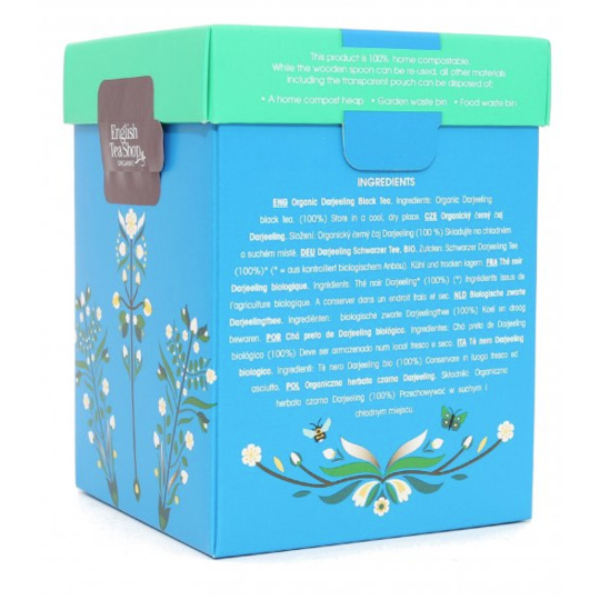 - English Tea Shop nese CERTIFIKÁTY bio, Fairtrade a veškerý obalový materiál i samotné čajové sáčky jsou biologicky odbouratelné a recyklovatelné
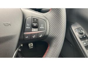 Air Conditioning, Climate Control, Metallic Paint, Cruise Control, Satellite Navigation, Alloy Wheels, Heated Seats, DAB Radio, Bluetooth, Panoramic Roof, Parking Sensors, Stop Start, Heated Front Windscreen, Low Mileage, USB, Keyless Entry-Push Button Start, Apple-Android Play, Rear Camera, Electric Opening Tailgate, Auto Lights, Lane Keeping Assist& Rain Sensors, ST Line front and rear floor mats, Quickclear heated windscreen, Power front/rear windows with global close, Rear wiper, Rear privacy glass, Rain sensing wipers, Electronic stability control (ESC) and ABS, Red brake calipers, Post collision braking, Sports suspension, Twist beam rear suspension, Selectable drive modes, Pre collision assist with autonomous emergency braking, Front and rear parking sensors, Power assist steering, Lane keeping aid with lane departure warning, Rear view camera, Ford easy fuel, Ford SYNC 3 with 8" TFT LCD touchscreen, App Link, andriod auto/apple carPlay
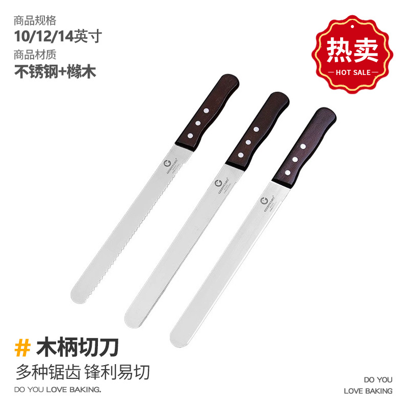 ステンレスパントーストナイフケーキスライスムース平口カッター10-14インチ木柄のこぎり刃
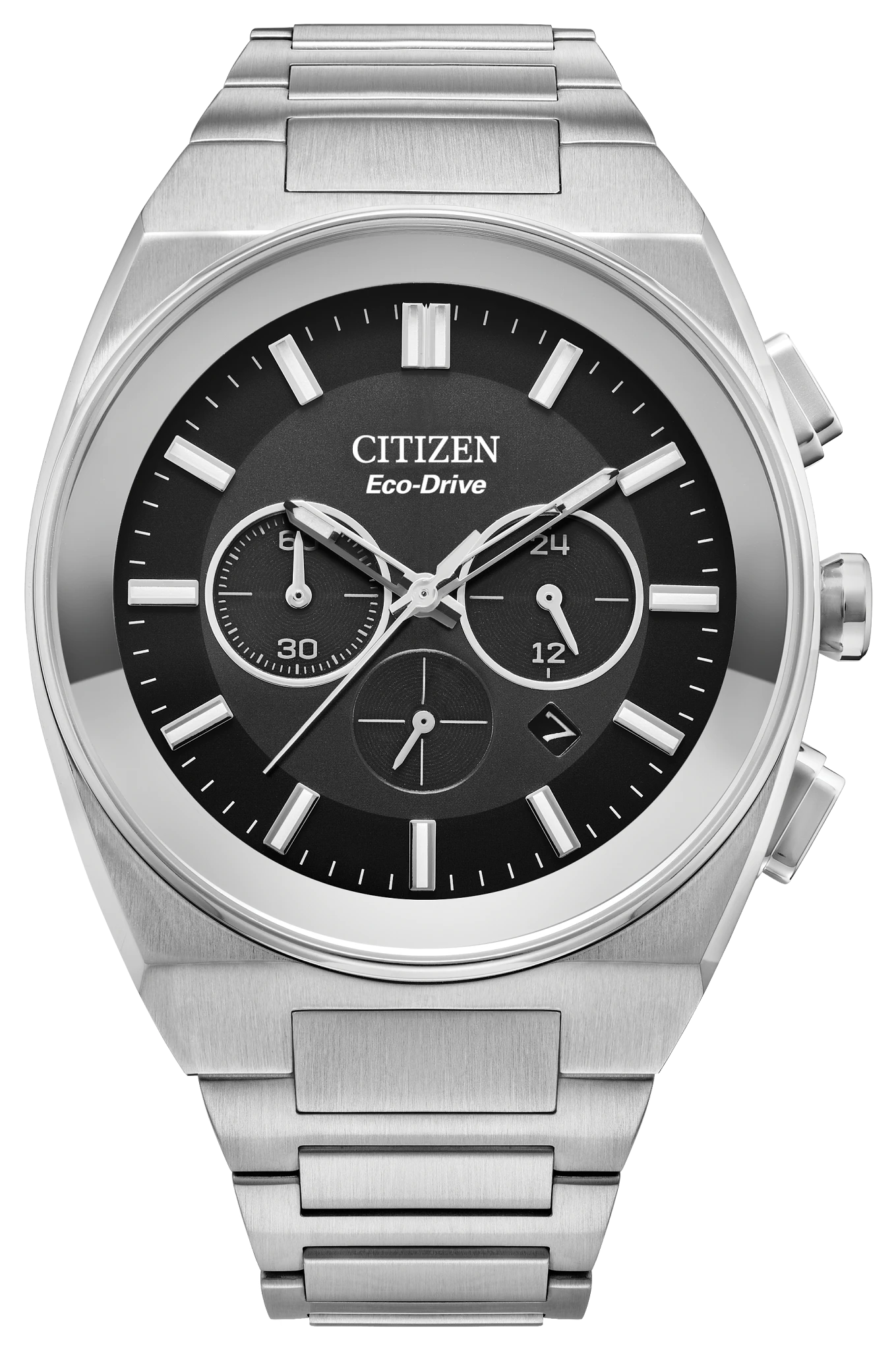 The Citizen Axiom SC features a sophisticated blend of sports watch aesthetics… with refined styling for the ultimate workday to weekend watch to wear.The timepiece features a silver-tone stainless steel case with an integrated stainless steel bracelet, epitomizing the contemporary sports watch design. The black dial has a streamlined look with two sub-dials at 3 and 9 o’clock, outlined with silver-tone details to match the silver-tone indices and hands. Capabilities of the watch include a 1/5 second chronograph that measures up to 60 minutes, 12- and 24-hour time indication, and a date indicator. Powered by Citizen’s proprietary Eco-Drive technology to provide light-powered vitality continuously and sustainably without ever needing a battery. Caliber B620.

• [DIRECTIONS]: Where the material above includes pictures, omit them and retype everything else exactly.

• [EXERCISE OUTPUT]:
 - English Tea Shop nese CERTIFIKÁTY bio, Fairtrade a veškerý obalový materiál i samotné čajové sáčky jsou biologicky odbouratelné a recyklovatelné
 Air Conditioning, Climate Control, Metallic Paint, Cruise Control, Satellite Navigation, Alloy Wheels, Heated Seats, DAB Radio, Bluetooth, Panoramic Roof, Parking Sensors, Stop Start, Heated Front Windscreen, Low Mileage, USB, Keyless Entry-Push Button Start, Apple-Android Play, Rear Camera, Electric Opening Tailgate, Auto Lights, Lane Keeping Assist& Rain Sensors, ST Line front and rear floor mats, Quickclear heated windscreen, Power front/rear windows with global close, Rear wiper, Rear privacy glass, Rain sensing wipers, Electronic stability control (ESC) and ABS, Red brake calipers, Post collision braking, Sports suspension, Twist beam rear suspension, Selectable drive modes, Pre collision assist with autonomous emergency braking, Front and rear parking sensors, Power assist steering, Lane keeping aid with lane departure warning, Rear view camera, Ford easy fuel, Ford SYNC 3 with 8" TFT LCD touchscreen, App Link, andriod auto/apple carPlay
 ステンレスパントーストナイフケーキスライスムース平口カッター10-14インチ木柄のこぎり刃
 The Citizen Axiom SC features a sophisticated blend of sports watch aesthetics… with refined styling for the ultimate workday to weekend watch to wear.The timepiece features a silver-tone stainless steel case with an integrated stainless steel bracelet, epitomizing the contemporary sports watch design. The black dial has a streamlined look with two sub-dials at 3 and 9 o’clock, outlined with silver-tone details to match the silver-tone indices and hands. Capabilities of the watch include a 1/5 second chronograph that measures up to 60 minutes, 12- and 24-hour time indication, and a date indicator. Powered by Citizen’s proprietary Eco-Drive technology to provide light-powered vitality continuously and sustainably without ever needing a battery. Caliber B620.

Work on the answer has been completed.